It is an architectural issue in that the meaning/denotation of a URI
is defined in the architecture to be the basically the same for  
everyone,
so we have there may be implications on other parts of the web.

That said, the global hypertext system built out of HTML and
the global KR system build out of RDF are different in many ways.
I think we should get the semantic web act together before
we look at way sin which we try to merge them too closely.
It might be reasonable to convert/coerce an RDF URI into a hypertext
anchor of a document describing what the thing is, but it is not
the primary goal.


4. Retreivability

> Retrievability is a total red herring. Much of Tim's language above
> seems devoted to weakening the requirement that you look up the
> ontology each time. That weakening just doesn't do anything for me.

There is no such requirement, so no weakening of it.

> The
> requirement is commitment to the URI owner's ontology, and, apparently,
> to the current URI owners *current* ontology (which I must try to
> ascertain to the best of my ability, and we're tolerant of web
> failures, etc.)

You seem to think that you are being constrained
as to what you, personally, or you as your software must do.
You don't have to do anything from the point of view of us defining
what the RDF means.  Whether your machine spends a certain
amount of time or effort to access things under various circumstances
depends on what you are trying to do.  If have no goals, turn the
machine off.

It is much more a question of defining *if* you do these things, then
what will you be able to conclude?  From that may follow your decisions
as to what to do to achieve a goal.

Yes, to name the class of reasoners which does inference and looks
up ontological closures as it goes might be useful, just as we have
various levels of OWL reasoner.  But we don't expect it of everything  
with
an RDF parser.

5. Natural language definitions

> Natural language defintions [are a red herring].
> These are related but distinct. But let me
> tell you, if you think I'm committed to not only the *formal, machine
> readable* ontologies (in an importy sense) but the *natural language*
> ontologies...uh...well, let's just say I don't know how to import the
> latter. (Actually, this would suggest that I, a software writer, would
> have to check EVERY URI for the natural language spec and rewrite my
> software to conform. Yick.)

Only if you want to write software which does more useful things.
Yes, people who receive documents written in the OWL ontology
to derive more useful information have to read the OWL specs
and stuff. Yick.  Hard work.   But you only have o do that
if you need to.  Maybe you do it because you are claiming to
provide a service which includes inference as defined in an OWL
conformance level.

6. Limiting the damage

There is a corner case in which somebody writes
something rather irrelevant and potentially inconsistent
in an ontology.  Sally defines Girl as intersection of
YoungPerson and Female, and also mentions
that the weather is sunny.

One solution is to say that that is not a friendly way to do things,
she should not do that.

Another solution is to try to "limit the damage" as you say
so that somehow the information in the ontology to which
one is committed is only that which "defines" the predicate
in question for some value of "defines".  I can't see any
way to do that formally - only with hand waving.
I can see the distinction being used in court but not in a machine.
So I haven't explored that route.

7 Naive protocols and safe operating procedures

Actually, the whole question of damage raises another distinction.
Most of the "intuition pump" example is about things going wrong.

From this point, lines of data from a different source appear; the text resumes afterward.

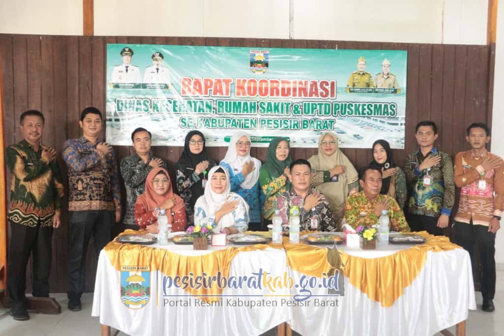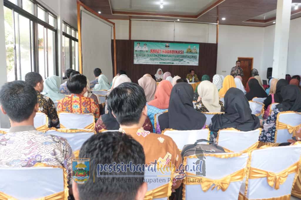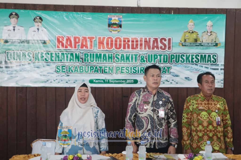 PESISIR BARAT-Pj. Sekda Kabupaten Pesisir Barat (Pesibar), Tedi Zadmiko, S.KM., S.H., M.M., menghadiri sekaligus membuka kegiatan Rapat Koordinasi Dinas Kesehatan (Dinkes), Rumah Sakit, dan Unit Pelaksana Teknis Dinas (UPTD) Puskesmas se-Pesibar Tahun 2025, di aula hotel Sunset Beach Pekon Way Redak Kecamatan Pesisir Tengah, Kamis (11/9/2025).
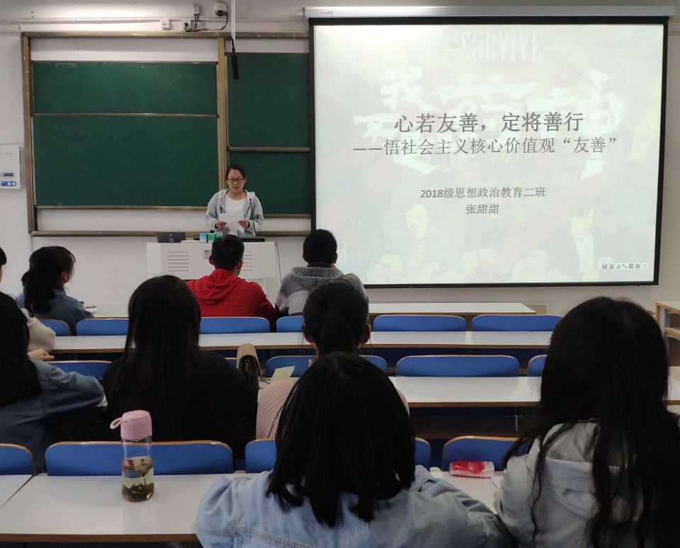 4月10日下午,我院优秀“青马”工程学员张甜甜参加了2018级第二团支部于社科楼516教室开展的讲价值观故事活,并籍此进行宣讲。我院实践部、新闻部、心理健康部相关负责人和2018级各班班委共同参与本次活动。
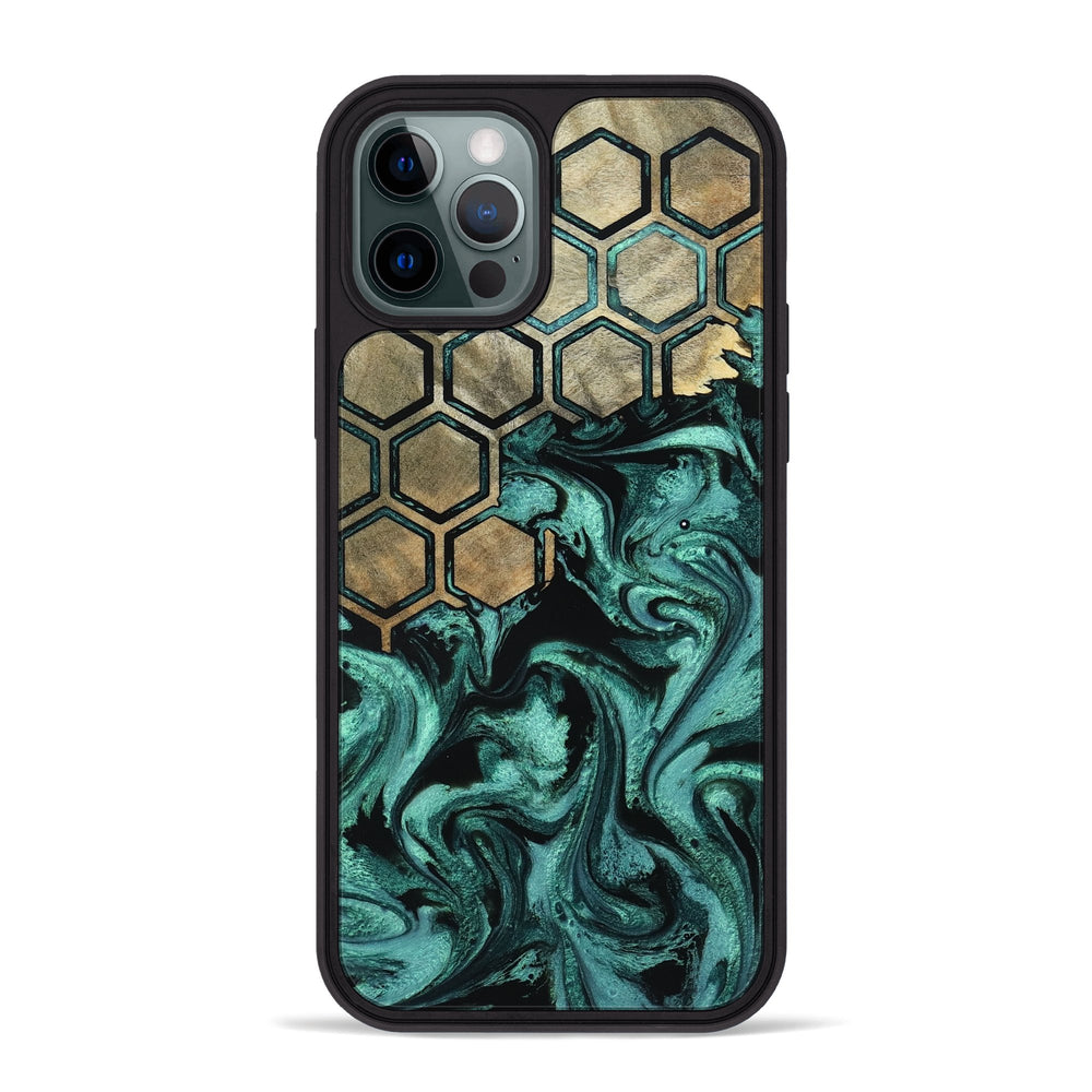 Zariyah features a mix of deep, swirling greens and blacks, creating a calming, fluid effect. It has a pattern of hexagons that adds a unique geometric touch to the natural wood design.
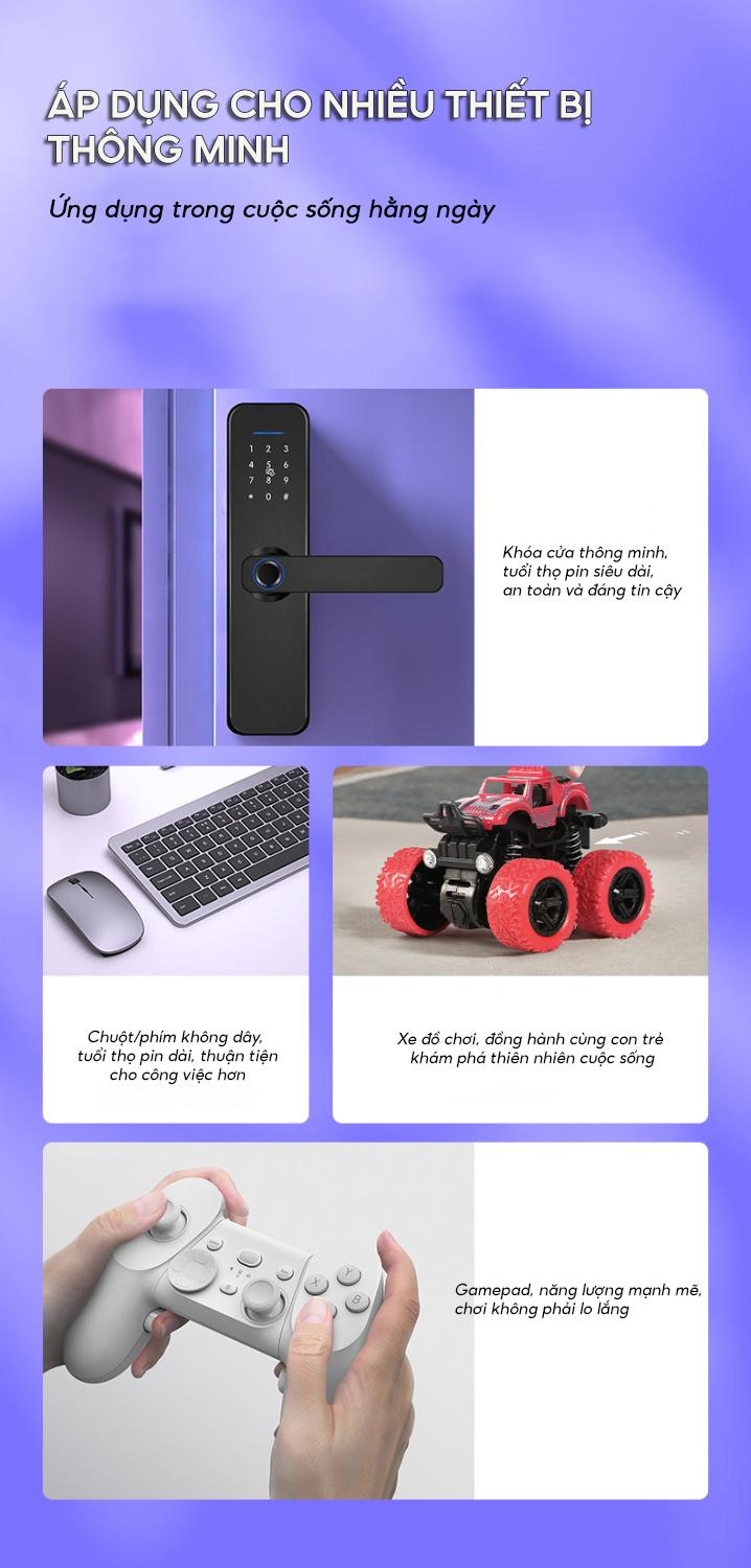 - Sử dụng: Dùng cung cấp năng lượng cho các thiết bị điện tử nhỏ như đồ chơi, đèn pin, điều khiển,...

I think we may have to consciously distinguish in the design
of the semantic web in general between the normal expected ways
of going about things, which we can show will wok, and the
operating procedures which will allow one to operate safely in
a potentially hostile environment.

Example: a purchase choice system choses the cheapest product
which is offered as being compatible with an hp:p314159.
The naive protocol is for the seller to offer the compatibility and  
price
system in the catalogue which you get by dereferencing the
part URI, and the buyer loading the catalogs into its kb.
A more secure system filters the catalogs for lies about
which product is best.  You can define conformance with some
market protocol in that the catalog only has data of a given form,
but you still want to be careful about things which break it.

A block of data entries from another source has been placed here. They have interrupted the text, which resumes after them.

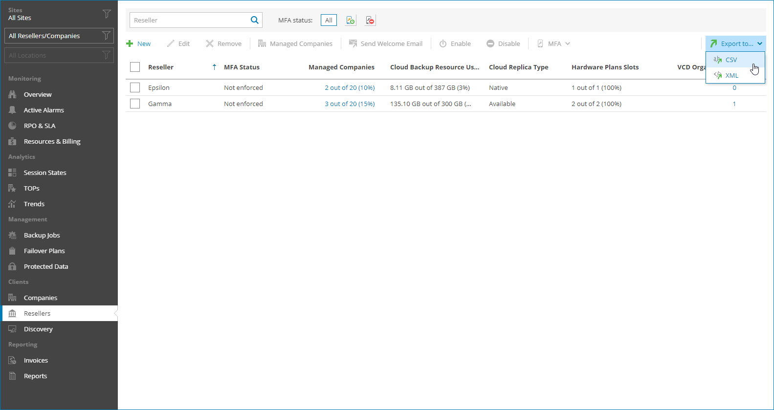 You can view reseller details and export them to a CSV or XML file.
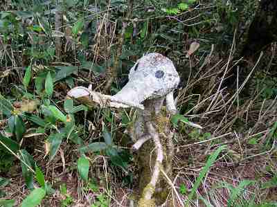 象さん? 山頂は展望が開けないので、100mほど奥の反射板展望広場へ行くことにしました。 その途中でこんなものを見つけました。象さんでしょうか。 ご丁寧に目玉が描きこんであります。 |
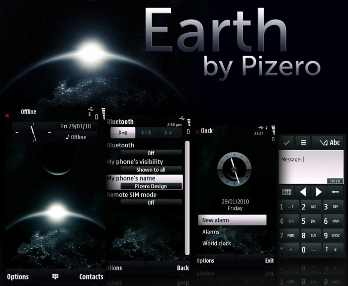 OK, so Steve has a new favourite theme - and it seems that PiZero is experimenting with new ways of distributing his excellent themes: Earth is a new addition to the Nokia Ovi Store and appears for S60 5th Edition (touch) phones only. It's artistic and yet lightweight, with default icons to save RAM. Worth a look - there's a graphical preview below.

Focussing, then, back on what an RDF document means, which
was the original narrower scope than all of this, I would say we have
to first define the naive protocol,

- Use of an HTTP URI as a symbol in an RDF statement
  refers to one thing which the URI owner intended.

- The URI owner puts true, consistent, hum &/or machine
readable information in the
   document that you get should you chose to dereference the URI.

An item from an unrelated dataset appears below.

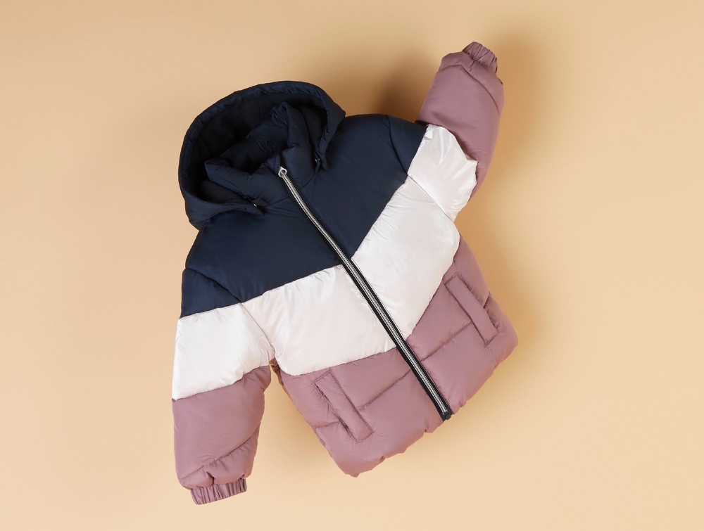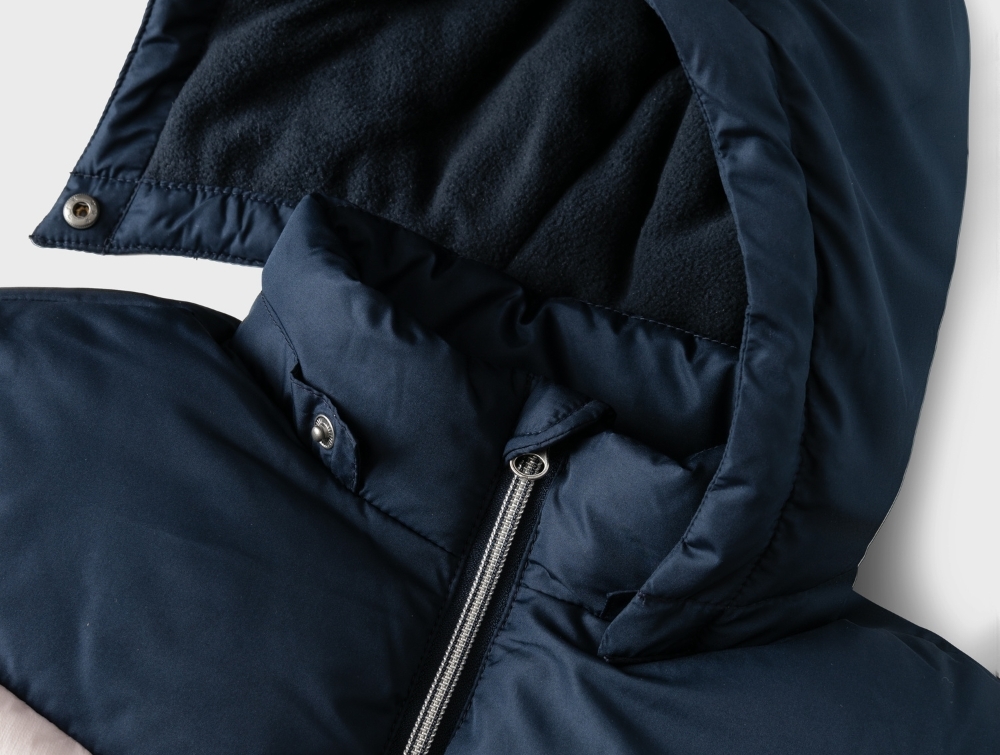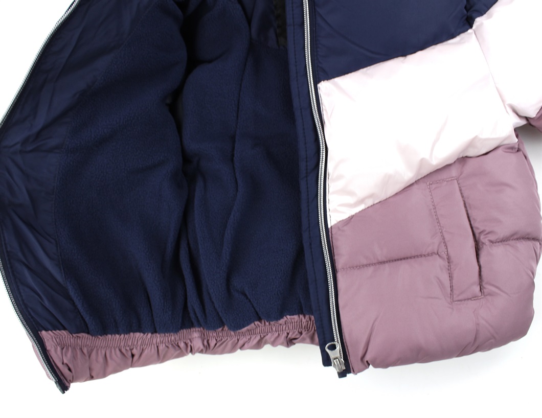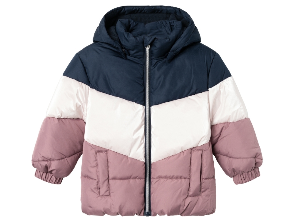 Puffer vinterjakke i farvetemaet grape shake med aftagelig hætte med trykknapper fra Name It.
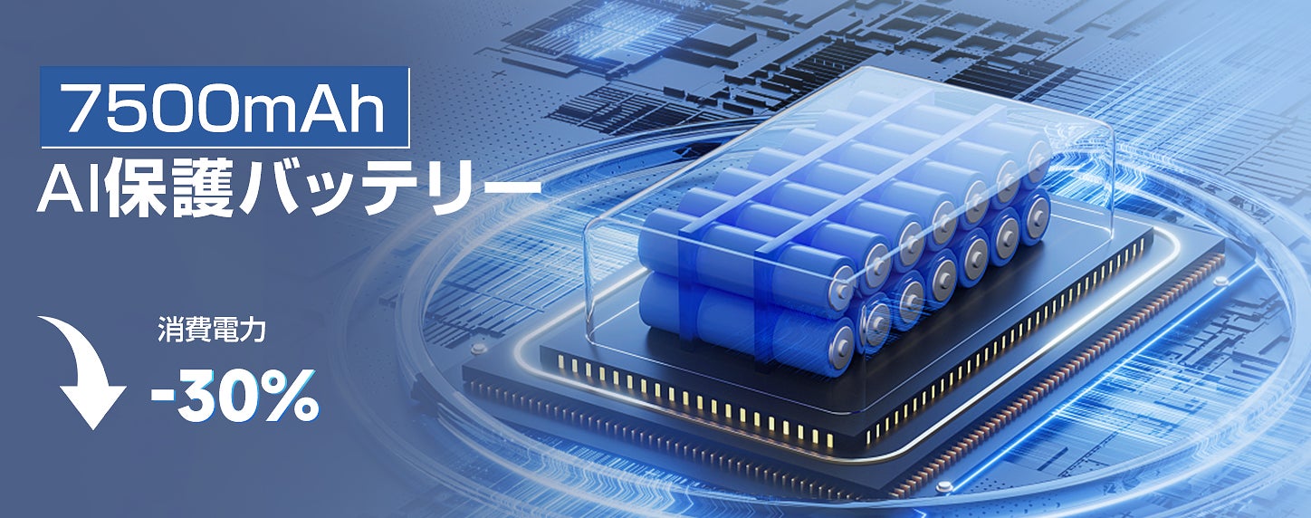 7500mAh大容量バッテリー&USB-C充電でどこでも手軽に使用可能

- Nobody hijacks the domain name system, the LAN or the server,
  or an intervening proxy, or the user's computer, etc


If we could get that nailed down first, then afterwards we could launch  
into
the questions of what happens when people lie, make mistakes,
fix mistakes, the net goes down, and so on, as to whether we should
make the best of it, model everything in an extra level of detail,
take someone to court or call the to discuss it over lunch, et cetera.

We can also define useful rules of friendly behavior which a community
could adopt to make a working system within that community.

Tim
Received on Friday, 26 September 2003 10:42:25 UTC